== YOUR OBJECTIVE ==
Where the line containing "Hødd2 ligg på" appears below, begin there and reproduce each line exactly through the last one, omitting pictures.

++++ DATA SHOWN ++++

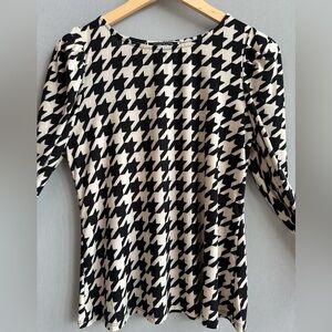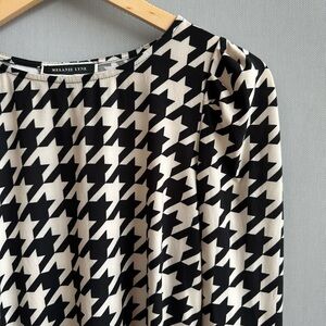 Melanie Lyne | Cream & Black Houndstooth Puff Sleeve Top | Size M
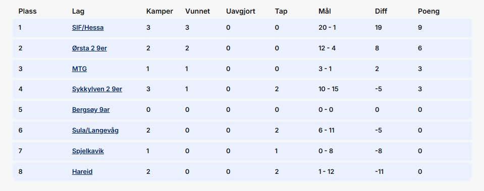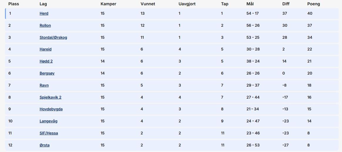 Hødd2 ligg på 5.plass på plassen over Bergsøy, og det er berre 1 poeng som skiller laga midt på tabellen.
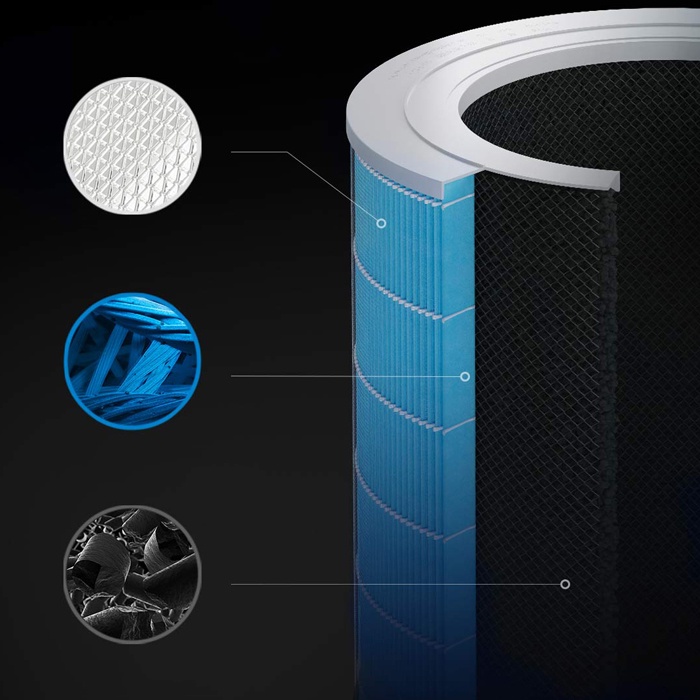 - 3 lớp lọc khác nhau, không chỉ loại bỏ các hạt bụi nhỏ PM2.5 mà còn làm sạch hiệu quả các chất độc hại như formaldehyde, vi khuẩn, tóc, mảnh vụn mịn, đồng thời có khả năng chống dầu, axit, kiềm
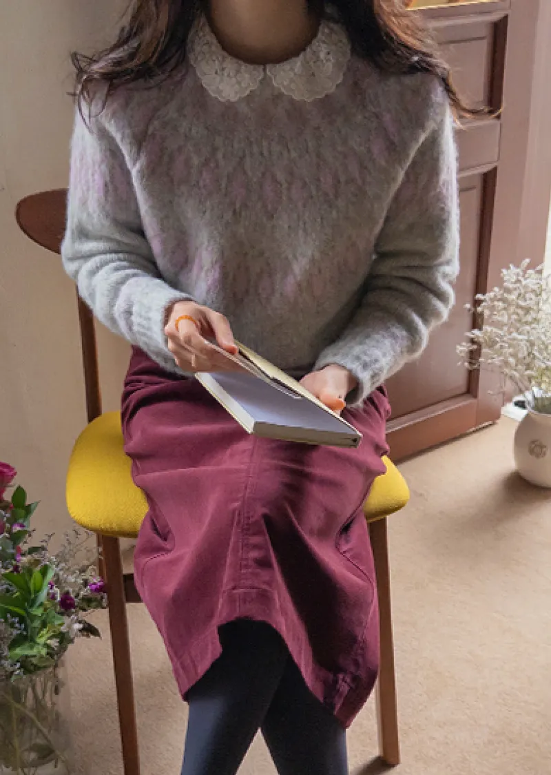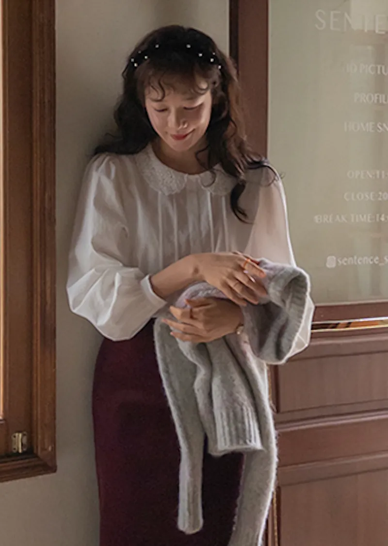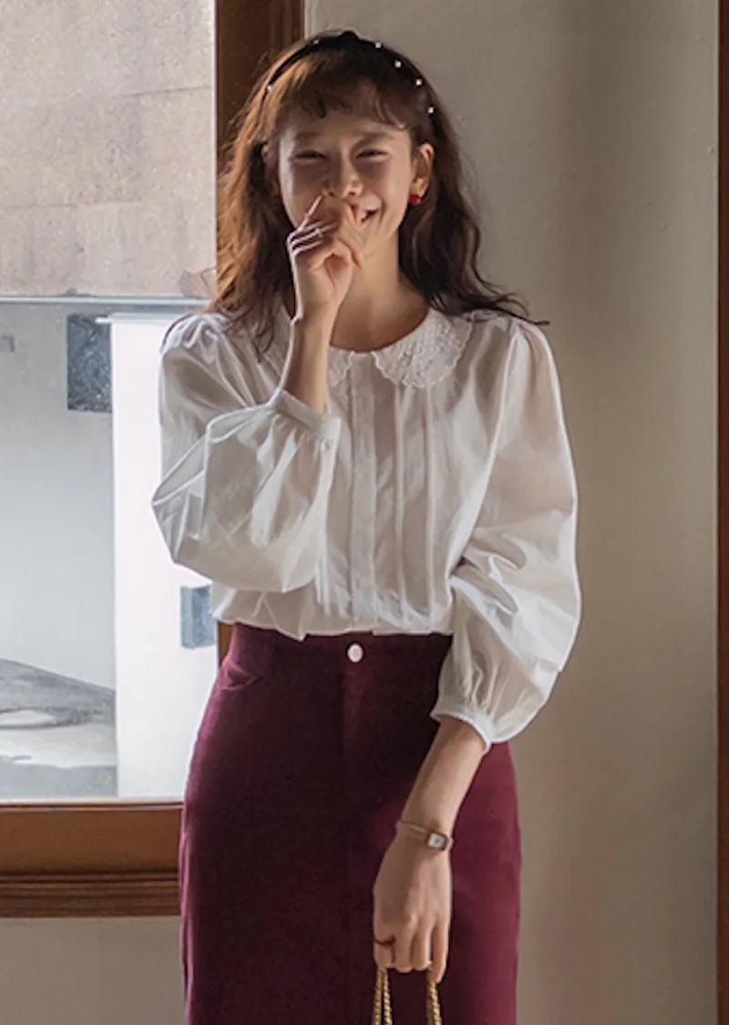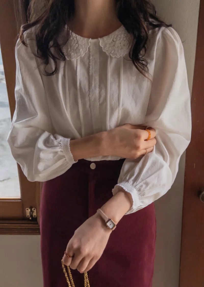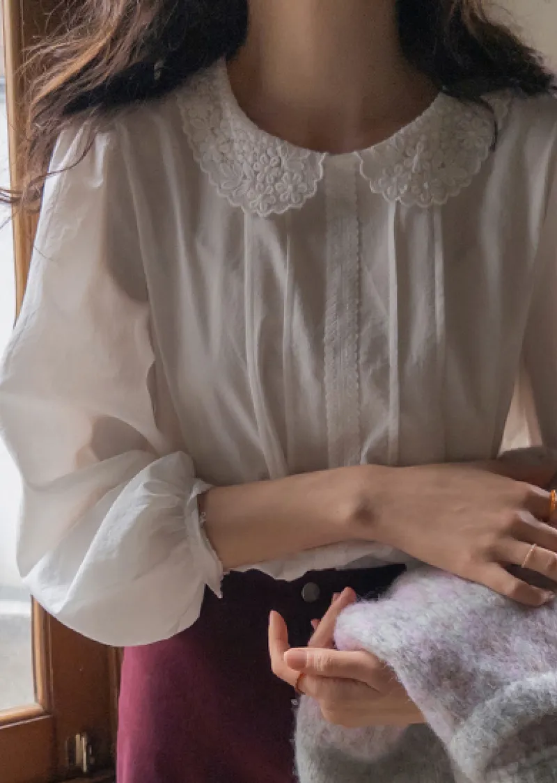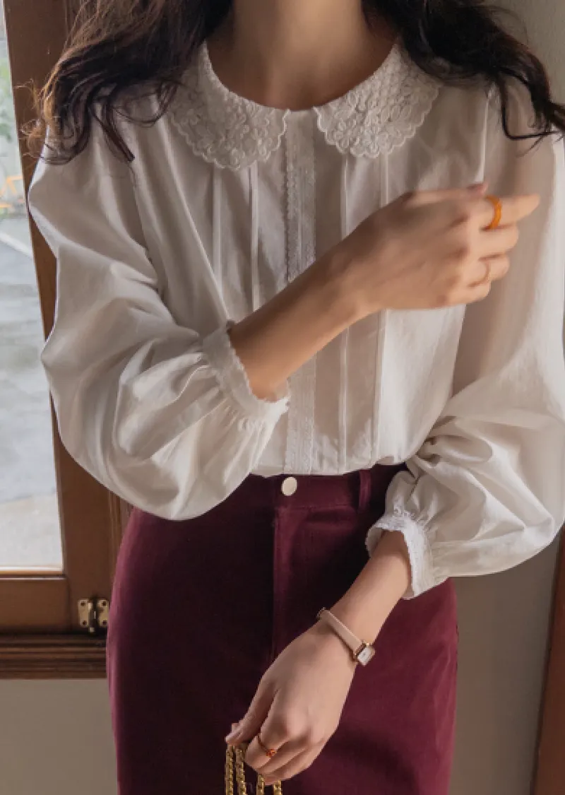 可愛花朵蕾絲領雙針褶線穿搭上衣
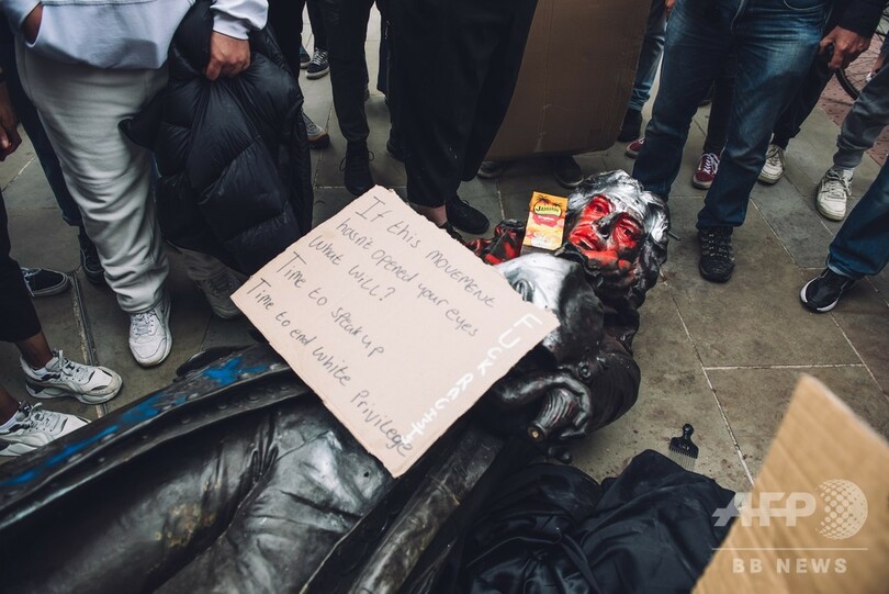 英ブリストル(Bristol)では7日、米黒人男性ジョージ・フロイド(George Floyd)さんの死に抗議するデモの参加者らが、奴隷の売買で財を成した有名なエドワード・コルストン(Edward Colston)の像を引き倒し、川に投げ込む出来事があった。
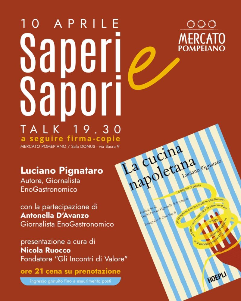 Il patron di Mercato Pompeiano Gaspare Coppola sottolinea come “questa serata rappresenti il cuore della nostra missione: unire storia, cultura e gusto, offrendo ai nostri ospiti un’esperienza autentica e sensoriale che celebra la ricchezza della tradizione napoletana.” Appuntamento quindi venerdì 10 aprile, ore 19,30 presentazione del libro; a seguire, su prenotazione, cena serale dedicata.

++++

== ANSWER FOR THE TASK ==
 Hødd2 ligg på 5.plass på plassen over Bergsøy, og det er berre 1 poeng som skiller laga midt på tabellen.
 - 3 lớp lọc khác nhau, không chỉ loại bỏ các hạt bụi nhỏ PM2.5 mà còn làm sạch hiệu quả các chất độc hại như formaldehyde, vi khuẩn, tóc, mảnh vụn mịn, đồng thời có khả năng chống dầu, axit, kiềm
 可愛花朵蕾絲領雙針褶線穿搭上衣
 英ブリストル(Bristol)では7日、米黒人男性ジョージ・フロイド(George Floyd)さんの死に抗議するデモの参加者らが、奴隷の売買で財を成した有名なエドワード・コルストン(Edward Colston)の像を引き倒し、川に投げ込む出来事があった。
 Il patron di Mercato Pompeiano Gaspare Coppola sottolinea come “questa serata rappresenti il cuore della nostra missione: unire storia, cultura e gusto, offrendo ai nostri ospiti un’esperienza autentica e sensoriale che celebra la ricchezza della tradizione napoletana.” Appuntamento quindi venerdì 10 aprile, ore 19,30 presentazione del libro; a seguire, su prenotazione, cena serale dedicata.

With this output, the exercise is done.